La fede precede la conoscenza di Dio. Lo ha ribadito nel corso della catechesi che preceduto l'Angelus, ricordando le parole rivolte da San Pietro a Gesù, in risposta alla domanda «Volete andarvene anche voi?». Pietro rispose: «Signore da chi andremo? Tu hai parole di vita eterna. Offrendoci il tuo corpo e il tuo sangue. E noi abbiamo creduto e conosciuto».

La «falsità» è «il marchio del diavolo», e fu questa la «colpa più grave» di Giuda, ha ricordato ancora papa Ratzinger. Lui, inoltre, voleva «vendicarsi» di Gesù, da cui si sentiva «tradito», perchè essendo uno zelota «voleva un Messia vincente, che guidasse una rivolta contro i Romani».

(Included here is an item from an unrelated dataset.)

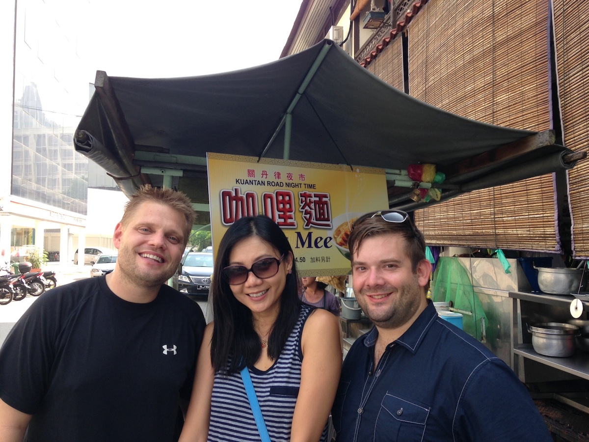 Penang: Bee, Ryan, and me on our first day in Penang outside of a hawker stall

All'Angelus Benedetto XVI si è soffermato sulla figura di Giuda, l'apostolo che tradì Gesù, commentando i brani del vangelo sui discepoli che abbandonarono il Cristo non credendo alle sue parole sul suo essere «il pane vivo discesodal cielo».

«Gesù - ha detto il Papa ai fedeli riuniti nel cortile interno della residenza di Castel Gandolfo - sapeva che anche tra i dodici Apostoli c'era uno che non credeva: Giuda. Anche Giuda avrebbe potuto andarsene, come fecero molti discepoli, anzi, avrebbe dovuto andarsene, se fosse stato onesto».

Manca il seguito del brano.